The aim of the study was to induce B deficiency symptoms and to relate the generation of reactive oxygen species (ROS) and altered cellular redox environment with the effects of B deficiency in mulberry (Morus alba L.) cv. Kanva-2 plants. Study was undertaken on antioxidant responses, malondialdehyde (MDA) content as an indicator of oxidative damage and ratio of dehydroascorbate (DHA) to ascorbic acid (AsA) as an index of cellular redox environment in B-deficient (0.0 microM) and B-supraoptimal (33 microM) mulberry plants. B deficiency symptoms appeared as upward cupping of the young emerging leaves. Later on, B-deficient plants developed lenticels like cracks on major vein, petiole and stem. B-deficient leaves had higher water potential (Psi) and relative water content (RWC), contained a lower concentration of B, less chloroplastic pigments and high tissue Fe, Mn and Zn concentrations compared to the controls. Hydrogen peroxide was accumulated in leaves of B-deficient and B-supraoptimal plants. B-supraoptimal plants also showed an increased DHA/AsA ratio. The activities of superoxide dismutase (SOD, EC 1.15.1.1), catalase (CAT, EC 1.11.1.6), peroxidase (POD, EC 1.11.1.7) and ascorbate peroxidase (APX, EC 1.11.1.11) were increased in B-deficient leaves. The activities of SOD and POD were decreased in B-supraoptimal plants. The results suggest that B deficiency aggravates oxidative stress through enhanced generation of ROS in mulberry plants.

Oxidative stress and antioxidant responses of mulberry (Morus alba) plants subjected to deficiency and excess of manganese

The aim of the study was to relate the effects of deficiency and excess of Mn with the generation of reactive oxygen species (ROS) and altered cellular redox environment in mulberry (Morus alba L.) cv. Kanva-2 plants. Mn deficiency symptom appeared as mild interveinal chlorosis in middle leaves. Mn-excess did not produce any specific symptom. Leaf water potential (Ψ) was increased in Mn-deficient and Mn-excess mulberry plants. Mn-deficient leaves contained less Mn, less chloroplastic pigments and high tissue Fe, Zn and Cu concentrations. Starch content was increased with increasing Mn supply. While reducing sugar content increased in Mn-deficient and Mn-excess plants as well, non-reducing sugars remained unaffected in Mn-deficient plants and decreased in Mn-excess plants. Moreover, study of antioxidative responses, oxidative stress (H2O2 and lipid peroxidation) and cellular redox environment [dehydroascorbate (DHA)/ascorbic acid (AsA) ratio] in Mn-stressed mulberry plants was also undertaken. Both hydrogen peroxide and lipid peroxidation were enhanced in the leaves of Mn-deficient plants. Increased H2O2 concentration in Mn-excess leaves did not induce oxidative damage as indicated by no change in lipid peroxidation.

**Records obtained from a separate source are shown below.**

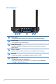 Rear features Reset button This button resets or restores the system to its factory default settings. Power switch Press to power on or off the system. Power (DC-In) port Insert the bundled AC adapter into this port and connect your router to a power source. LAN 1 ~ 4 ports Connect network cables into these ports to establish LAN connection. DSL port Connect to a splitter or to a telephone outlet via an RJ-11 cable. WPS button* This button launches the WPS Wizard.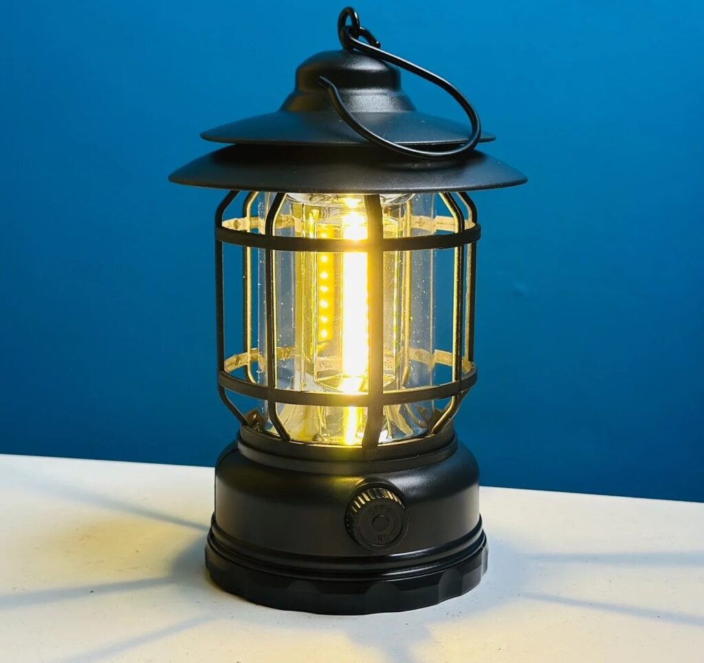 Lightweight and compact, the lamp features a built-in hook — hang it from a tent, branch, or pole for hands-free lighting.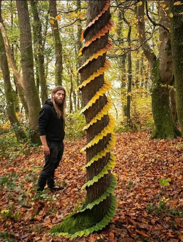А как он листья на стволе дерева укреплял, интересно?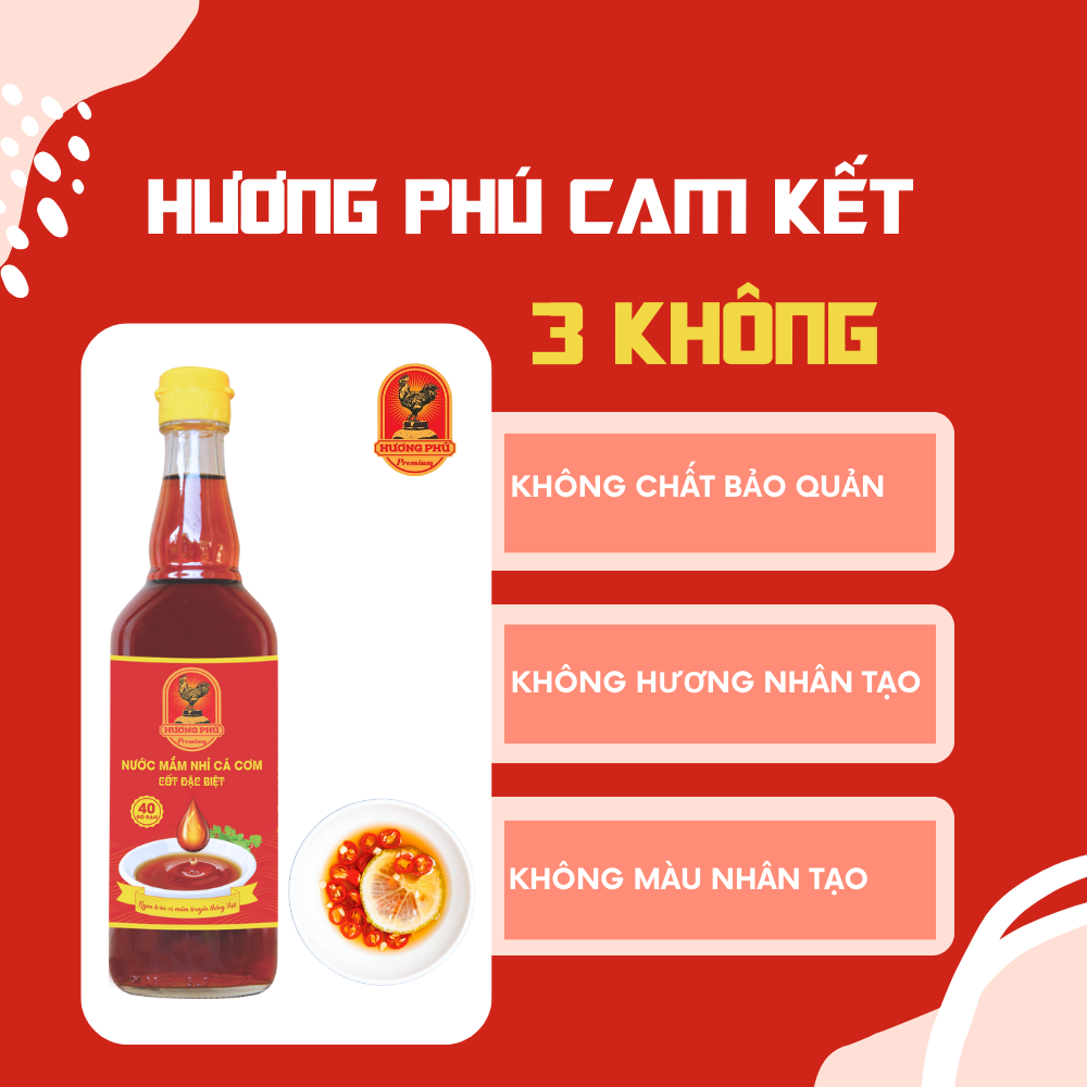 Nước mắm nhĩ cá cơm Hương Phú 40 độ đạm 510ml - truyền thống, thơm ngon chuân vị, loại đặc biệt được sản xuất theo quy trình khép kín, đảm bảo vệ sinh an toàn thực phẩm.

The ratio of the redox couple (DHA/AsA) was increased both in Mn-deficient or Mn-excess plants. The activities of superoxide dismutase (EC 1.15.1.1) and catalase (EC 1.11.1.6) increased in Mn-deficient plants. The activity of ascorbate peroxidase (EC 1.11.1.11) increased with increasing Mn supply. The results suggest that deficiency or excess of Mn induces oxidative stress through enhanced ROS generation and disturbed redox couple in mulberry plants.